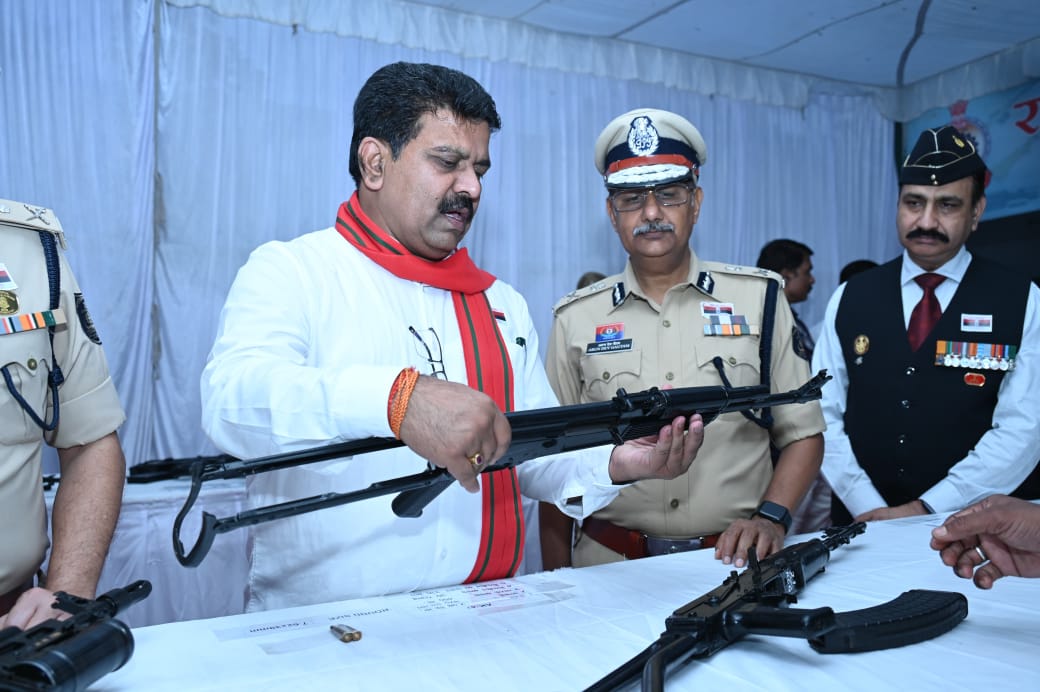 उपमुख्यमंत्री श्री शर्मा ने 4 थीं वाहिनी द्वारा लगाए गए राज्य स्तरीय शस्त्र प्रदर्शनी का भी अवलोकन किया। जिसमें एलएमजी, यूबीएलजी, असाल्ट रायफल, एसएलआर, जेवीपीसी, एके 47, टियर गन, एक्शन गन आदि का प्रदर्शन किया गया था। इस दौरान उन्होंने भारत में निर्मित हथियारों पर उत्साह प्रदर्शित किया और अधिकारियों से चर्चा में कहा कि भारत में निर्मित ये अत्याधुनिक हथियार प्रधानमंत्री नरेन्द्र मोदी की दूरदर्शिता का परिणाम हैं ये आत्मनिर्भर भारत की ओर हमारे बढ़ते कदम हैं।
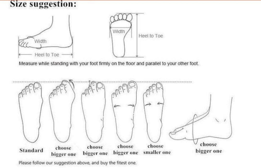 2.We usually choose the size according to the foot length.All the size is just for your reference,0.5-1cm error will be accepted
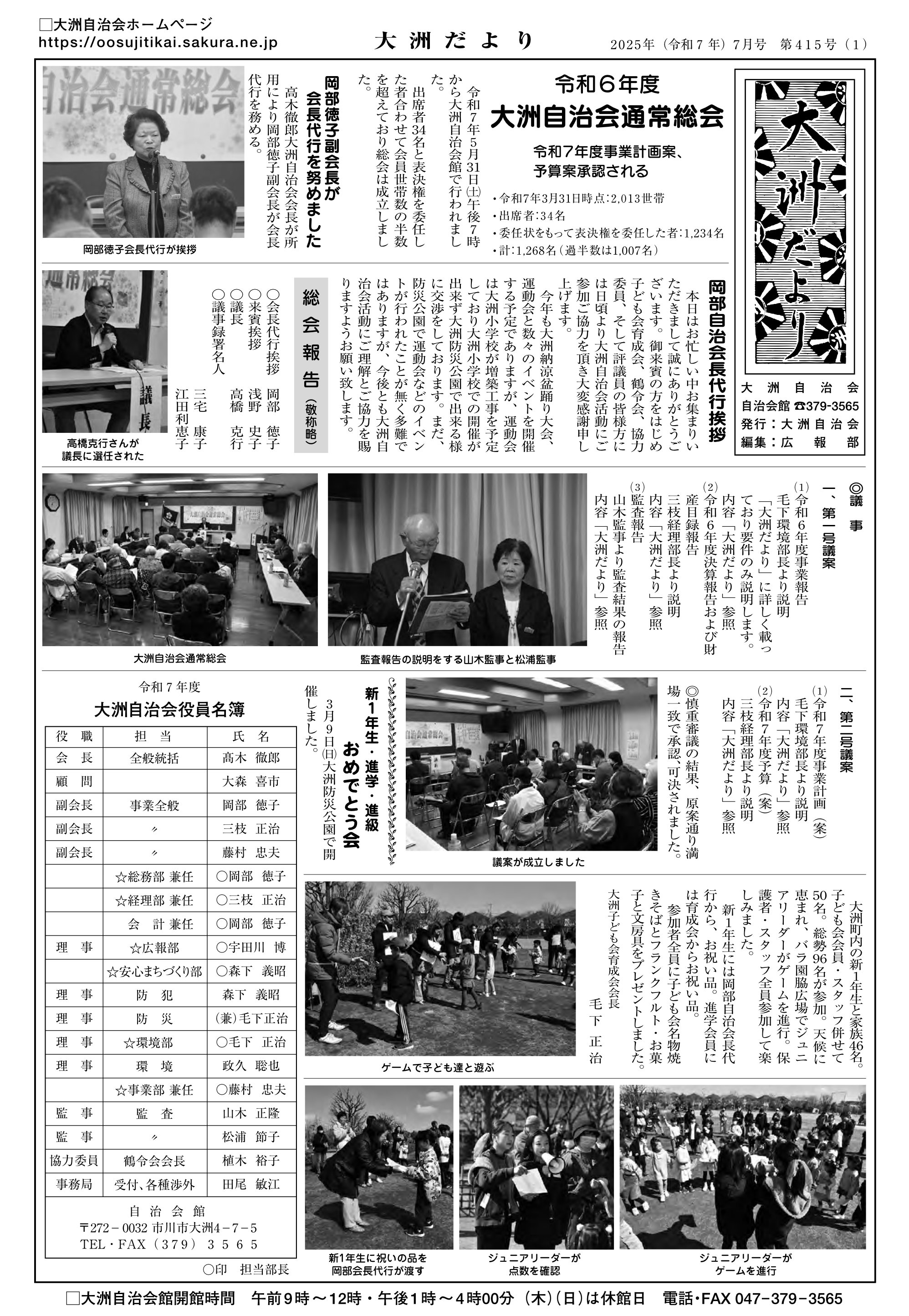尚、大洲自治会ホームページ内の大洲だよりは修正致しました。
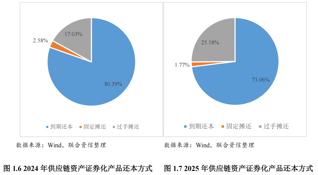 还本方式方面,2025年发行的供应链资产证券化产品仍以到期一次性还本为主,较2024年未发生重大变化。
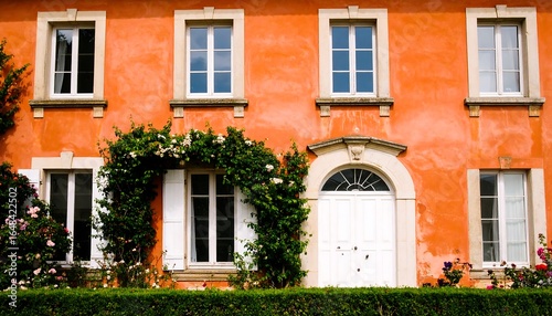 orange, building, facades, house, window, door, ivy, flower, garden, white, shutter, arch, trim, classic, exterior, architecture, european, charming, vibrant, colours, detail, symmetric, lush, green, foliage, plant, rose, hedge, fresh, bright, warm, sunny, vintage, traditional, beauty, structure, horizontal, vertical, pattern, detail, rustic, decoration
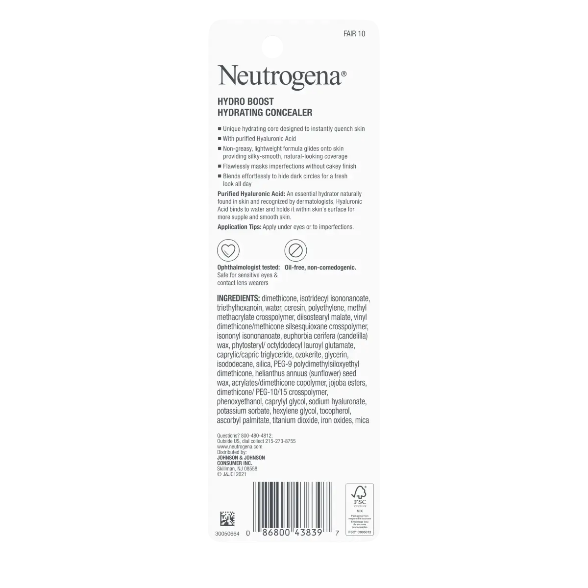Hydrate & refresh your dry, thirsty skin with Neutrogena Hydro Boost Hydrating Concealer Stick. The lightweight concealer stick features a hydrating core designed to instantly quench skin & flawlessly masks facial imperfections, such as redness & dark under-eye circles, without a cakey finish. The cover-up is formulated with purified hyaluronic acid, an essential hydrator naturally found in skin that binds to water & holds it within skin's surface, to leave skin feeling quenched & more supple & smooth. This concealer is non-greasy, oil-free, & non-comedogenic & has a lightweight formula that glides onto skin providing silky-smooth, natural-looking coverage. To use in your daily beauty routine, apply the full coverage concealer under your eyes or to any facial imperfections. It has been ophthalmologist tested & is safe for sensitive eyes & contact lens wearers. The hydrating concealer stick is available in five blendable shades designed to match multiple skin tones.

===

# Goal of the exercise:
Give back, exactly as written, the lines from the top of the material through the line with "detail, rustic, decoration", ends included and pictures left aside.

# Finished task:
 उपमुख्यमंत्री श्री शर्मा ने 4 थीं वाहिनी द्वारा लगाए गए राज्य स्तरीय शस्त्र प्रदर्शनी का भी अवलोकन किया। जिसमें एलएमजी, यूबीएलजी, असाल्ट रायफल, एसएलआर, जेवीपीसी, एके 47, टियर गन, एक्शन गन आदि का प्रदर्शन किया गया था। इस दौरान उन्होंने भारत में निर्मित हथियारों पर उत्साह प्रदर्शित किया और अधिकारियों से चर्चा में कहा कि भारत में निर्मित ये अत्याधुनिक हथियार प्रधानमंत्री नरेन्द्र मोदी की दूरदर्शिता का परिणाम हैं ये आत्मनिर्भर भारत की ओर हमारे बढ़ते कदम हैं।
 2.We usually choose the size according to the foot length.All the size is just for your reference,0.5-1cm error will be accepted
尚、大洲自治会ホームページ内の大洲だよりは修正致しました。
 还本方式方面,2025年发行的供应链资产证券化产品仍以到期一次性还本为主,较2024年未发生重大变化。
 orange, building, facades, house, window, door, ivy, flower, garden, white, shutter, arch, trim, classic, exterior, architecture, european, charming, vibrant, colours, detail, symmetric, lush, green, foliage, plant, rose, hedge, fresh, bright, warm, sunny, vintage, traditional, beauty, structure, horizontal, vertical, pattern, detail, rustic, decoration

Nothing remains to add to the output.